*** Block opens ***

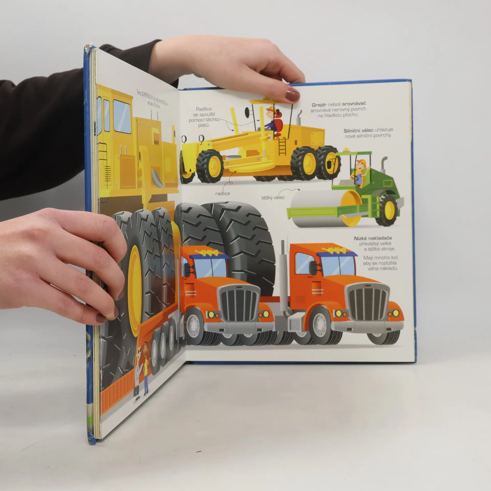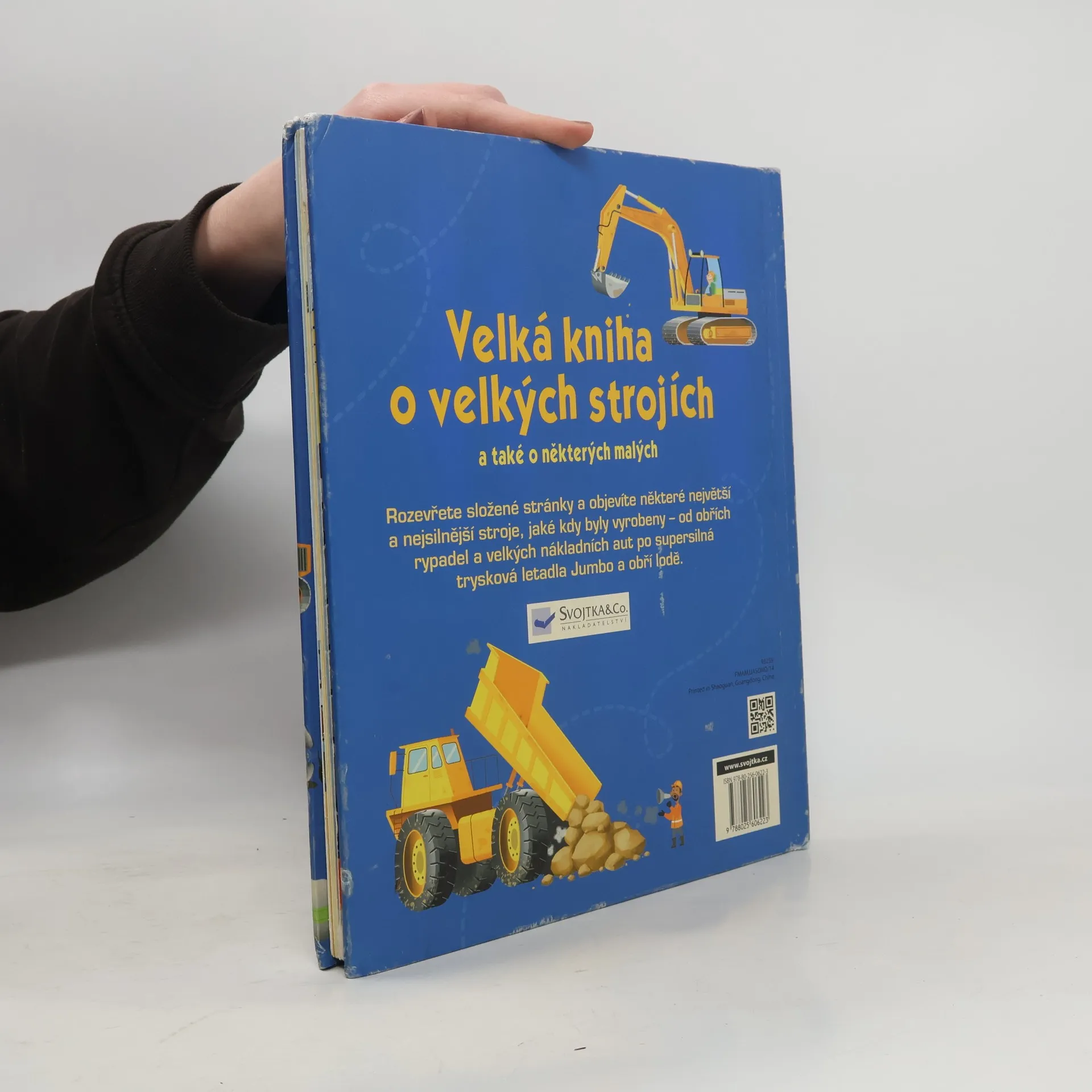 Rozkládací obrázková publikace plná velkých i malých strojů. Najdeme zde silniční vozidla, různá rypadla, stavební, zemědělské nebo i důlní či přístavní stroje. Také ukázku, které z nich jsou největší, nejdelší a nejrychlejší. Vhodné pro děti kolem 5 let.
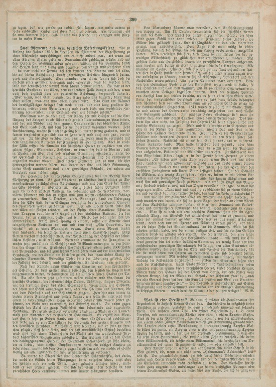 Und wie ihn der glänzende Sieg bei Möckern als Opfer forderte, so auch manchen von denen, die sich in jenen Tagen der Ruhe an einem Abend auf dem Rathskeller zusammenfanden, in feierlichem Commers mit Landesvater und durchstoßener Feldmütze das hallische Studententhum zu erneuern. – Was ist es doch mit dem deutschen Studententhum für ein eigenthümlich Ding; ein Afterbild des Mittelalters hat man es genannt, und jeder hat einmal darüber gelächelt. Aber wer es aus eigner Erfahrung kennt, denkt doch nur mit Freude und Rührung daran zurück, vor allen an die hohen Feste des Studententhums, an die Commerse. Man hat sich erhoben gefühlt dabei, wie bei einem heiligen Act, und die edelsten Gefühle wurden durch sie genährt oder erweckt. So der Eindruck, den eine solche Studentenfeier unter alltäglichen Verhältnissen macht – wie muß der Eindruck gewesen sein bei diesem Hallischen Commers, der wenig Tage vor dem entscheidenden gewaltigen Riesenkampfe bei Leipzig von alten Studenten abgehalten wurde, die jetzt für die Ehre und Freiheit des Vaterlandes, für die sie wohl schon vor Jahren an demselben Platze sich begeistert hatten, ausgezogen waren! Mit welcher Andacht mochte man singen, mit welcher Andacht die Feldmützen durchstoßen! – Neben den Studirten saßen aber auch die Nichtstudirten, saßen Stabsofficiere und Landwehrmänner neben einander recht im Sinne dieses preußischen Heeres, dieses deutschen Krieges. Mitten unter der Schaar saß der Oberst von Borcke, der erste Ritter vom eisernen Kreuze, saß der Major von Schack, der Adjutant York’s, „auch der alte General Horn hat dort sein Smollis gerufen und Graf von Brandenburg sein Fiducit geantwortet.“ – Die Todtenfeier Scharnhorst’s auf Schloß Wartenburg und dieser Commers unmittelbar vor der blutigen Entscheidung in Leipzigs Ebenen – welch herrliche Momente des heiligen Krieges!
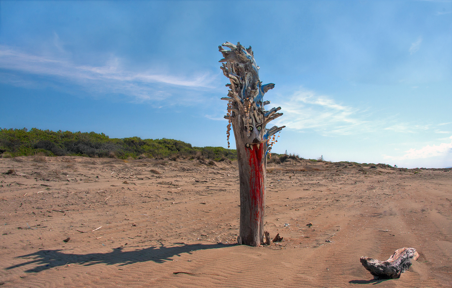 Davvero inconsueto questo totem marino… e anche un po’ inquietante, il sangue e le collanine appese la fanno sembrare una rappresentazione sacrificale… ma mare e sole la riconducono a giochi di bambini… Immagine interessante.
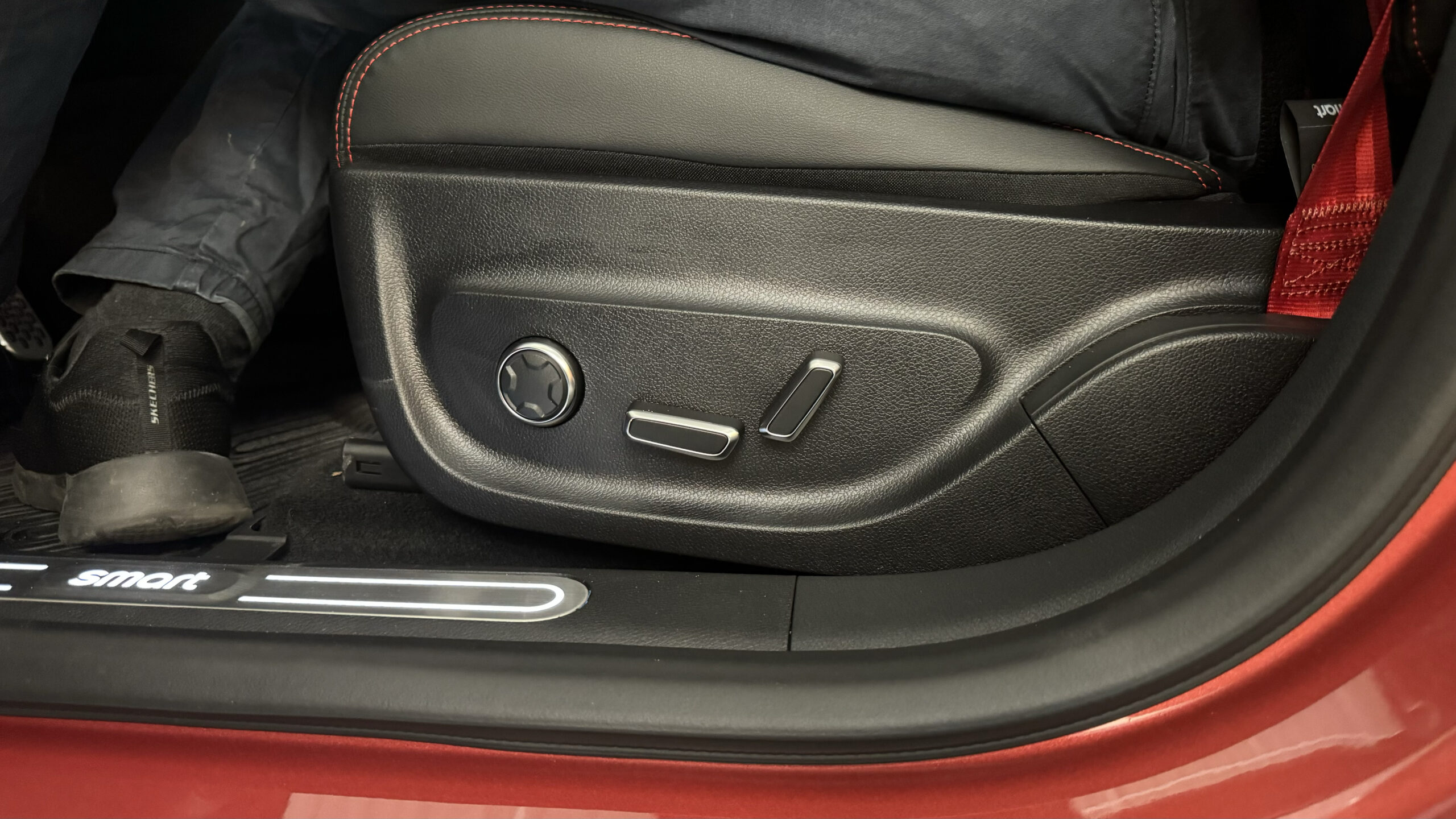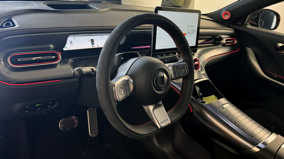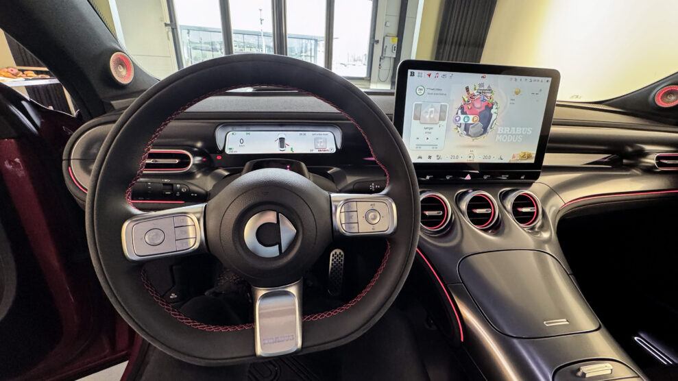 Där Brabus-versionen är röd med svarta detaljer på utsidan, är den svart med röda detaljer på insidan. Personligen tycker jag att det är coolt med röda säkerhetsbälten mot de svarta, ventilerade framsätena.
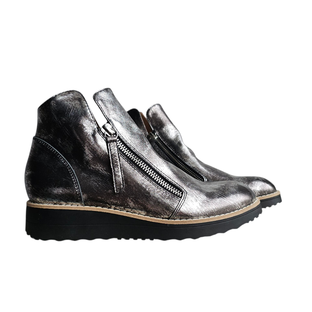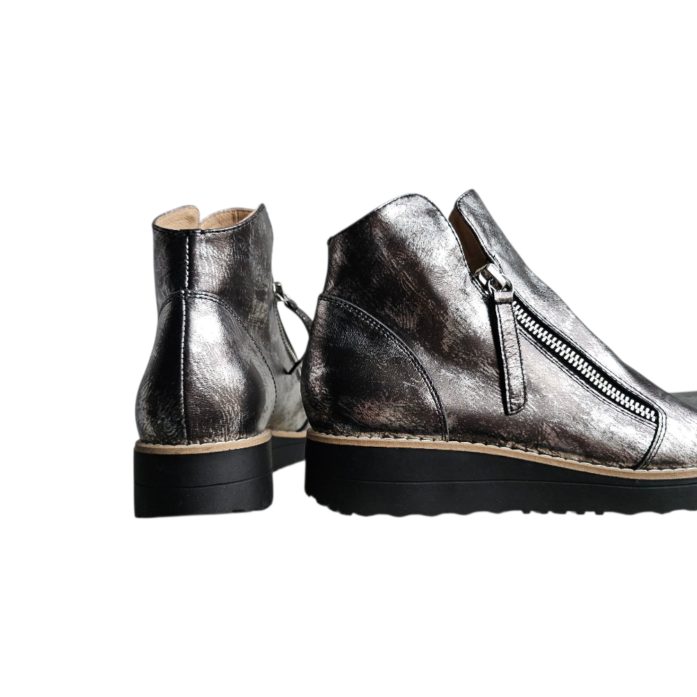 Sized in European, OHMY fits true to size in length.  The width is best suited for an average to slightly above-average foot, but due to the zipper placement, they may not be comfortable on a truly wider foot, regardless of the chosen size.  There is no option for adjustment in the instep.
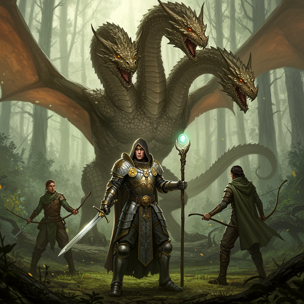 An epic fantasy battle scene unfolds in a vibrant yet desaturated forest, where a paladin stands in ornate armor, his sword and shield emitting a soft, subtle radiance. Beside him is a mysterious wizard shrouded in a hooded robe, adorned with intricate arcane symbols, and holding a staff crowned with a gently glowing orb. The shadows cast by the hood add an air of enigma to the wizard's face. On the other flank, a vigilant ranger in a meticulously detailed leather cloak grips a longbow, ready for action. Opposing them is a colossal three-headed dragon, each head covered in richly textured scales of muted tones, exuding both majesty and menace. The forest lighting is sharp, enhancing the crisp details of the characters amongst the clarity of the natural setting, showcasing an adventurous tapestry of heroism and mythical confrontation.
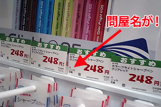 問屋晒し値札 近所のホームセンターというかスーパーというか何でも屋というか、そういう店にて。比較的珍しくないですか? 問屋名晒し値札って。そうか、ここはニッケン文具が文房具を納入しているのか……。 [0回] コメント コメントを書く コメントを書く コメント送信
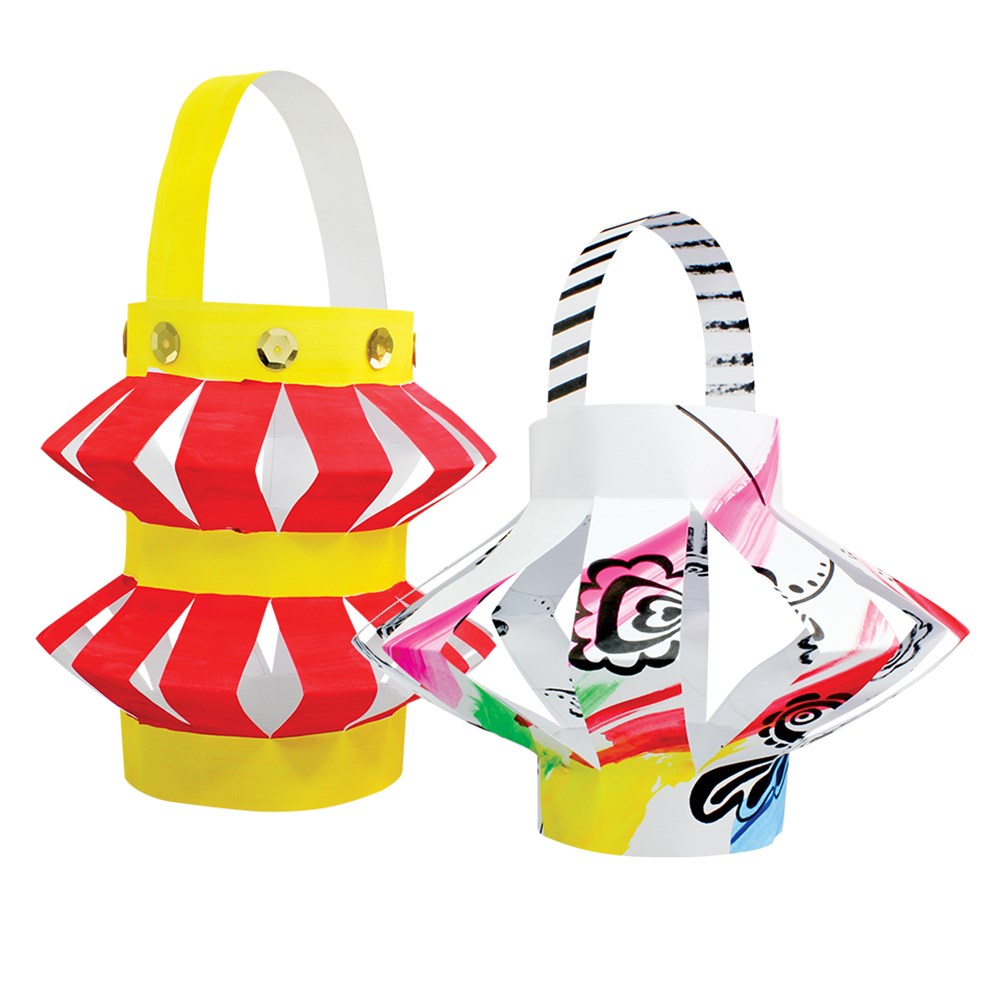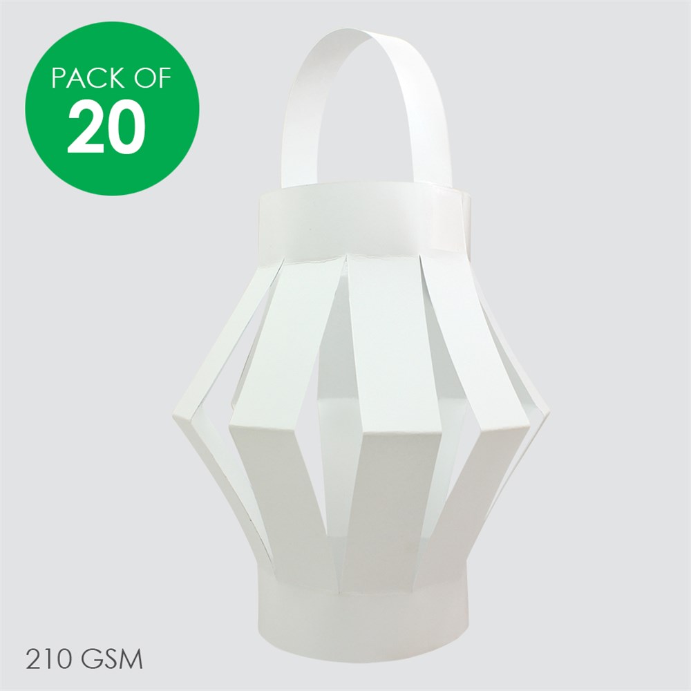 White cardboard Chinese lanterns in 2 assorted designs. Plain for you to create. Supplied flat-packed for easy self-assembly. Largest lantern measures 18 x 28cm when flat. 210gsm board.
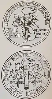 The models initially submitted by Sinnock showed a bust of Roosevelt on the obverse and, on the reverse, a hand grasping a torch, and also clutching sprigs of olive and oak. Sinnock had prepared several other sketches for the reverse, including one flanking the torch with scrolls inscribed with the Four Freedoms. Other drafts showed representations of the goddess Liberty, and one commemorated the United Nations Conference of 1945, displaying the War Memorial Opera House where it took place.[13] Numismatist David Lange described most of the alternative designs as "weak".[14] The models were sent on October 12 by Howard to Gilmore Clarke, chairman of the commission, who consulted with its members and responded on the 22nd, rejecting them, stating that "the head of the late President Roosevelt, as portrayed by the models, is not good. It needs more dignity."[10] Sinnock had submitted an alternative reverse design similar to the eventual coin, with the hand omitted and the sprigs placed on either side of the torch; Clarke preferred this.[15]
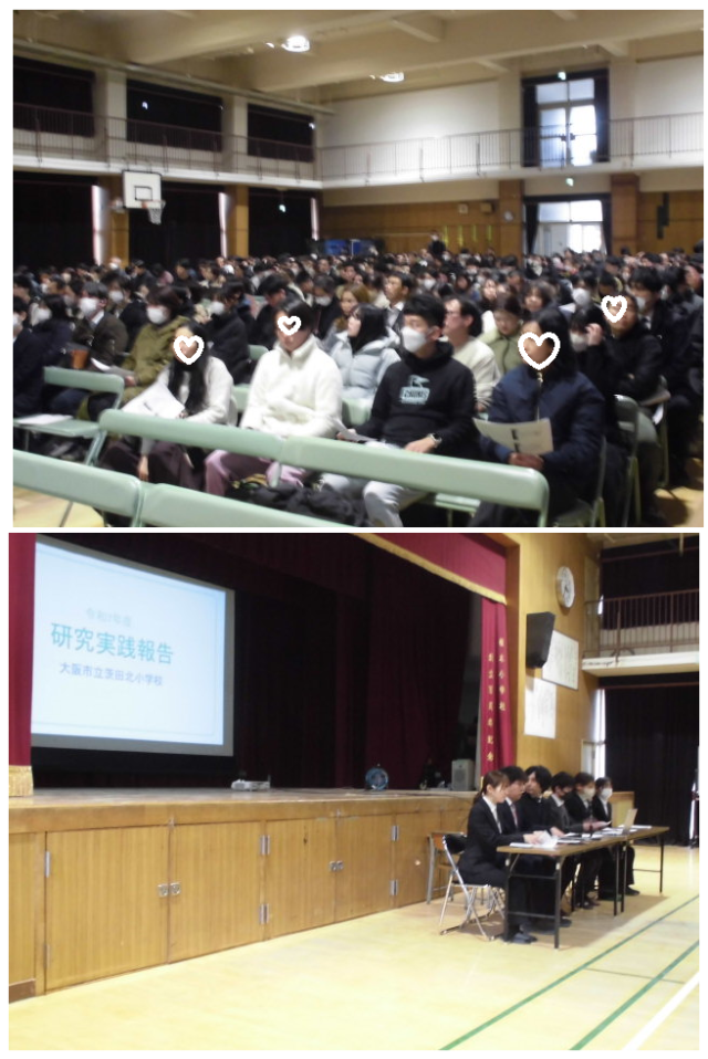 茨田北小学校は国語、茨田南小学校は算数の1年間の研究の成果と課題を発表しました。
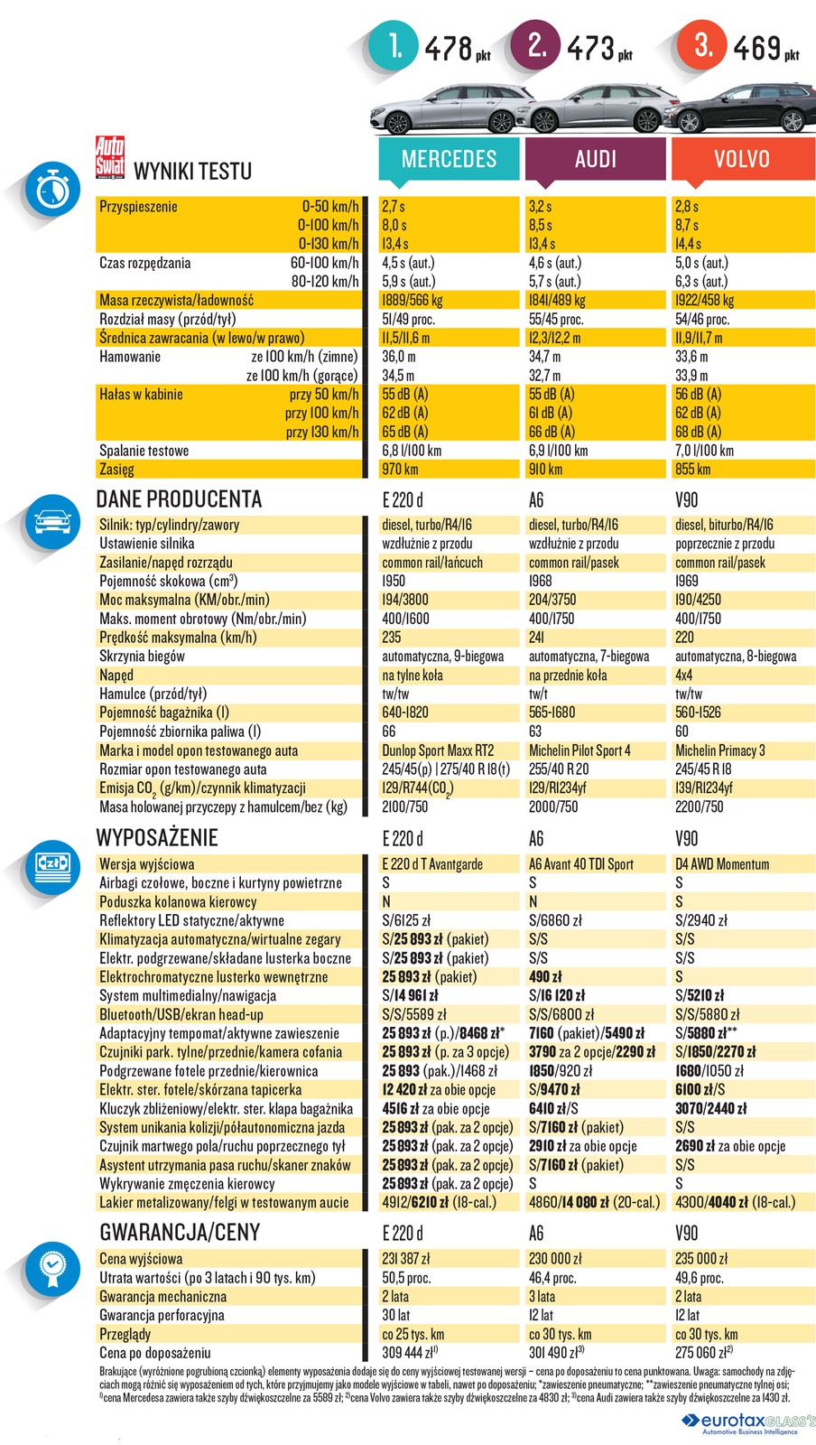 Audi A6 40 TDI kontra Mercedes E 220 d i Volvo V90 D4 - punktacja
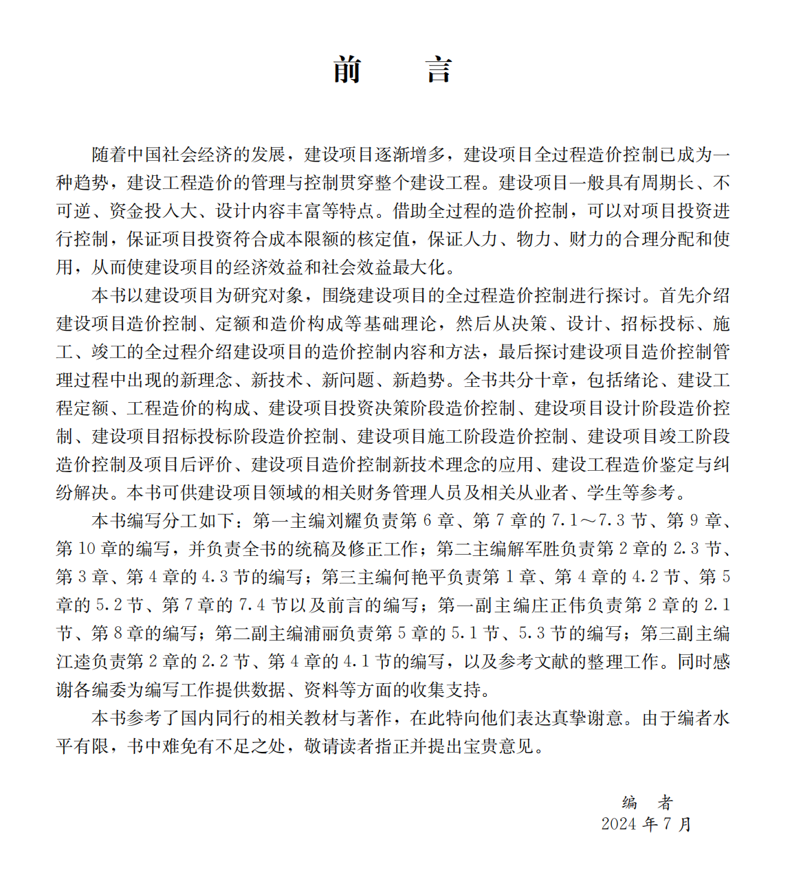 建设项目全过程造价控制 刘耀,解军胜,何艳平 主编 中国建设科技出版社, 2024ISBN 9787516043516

*** Block closes ***

Activity
Starting with the line that contains "The models initially", print every remaining line of the records above, exactly as it stands. Do not print the pictures.

Answer space
 The models initially submitted by Sinnock showed a bust of Roosevelt on the obverse and, on the reverse, a hand grasping a torch, and also clutching sprigs of olive and oak. Sinnock had prepared several other sketches for the reverse, including one flanking the torch with scrolls inscribed with the Four Freedoms. Other drafts showed representations of the goddess Liberty, and one commemorated the United Nations Conference of 1945, displaying the War Memorial Opera House where it took place.[13] Numismatist David Lange described most of the alternative designs as "weak".[14] The models were sent on October 12 by Howard to Gilmore Clarke, chairman of the commission, who consulted with its members and responded on the 22nd, rejecting them, stating that "the head of the late President Roosevelt, as portrayed by the models, is not good. It needs more dignity."[10] Sinnock had submitted an alternative reverse design similar to the eventual coin, with the hand omitted and the sprigs placed on either side of the torch; Clarke preferred this.[15]
 茨田北小学校は国語、茨田南小学校は算数の1年間の研究の成果と課題を発表しました。
 Audi A6 40 TDI kontra Mercedes E 220 d i Volvo V90 D4 - punktacja
 建设项目全过程造价控制 刘耀,解军胜,何艳平 主编 中国建设科技出版社, 2024ISBN 9787516043516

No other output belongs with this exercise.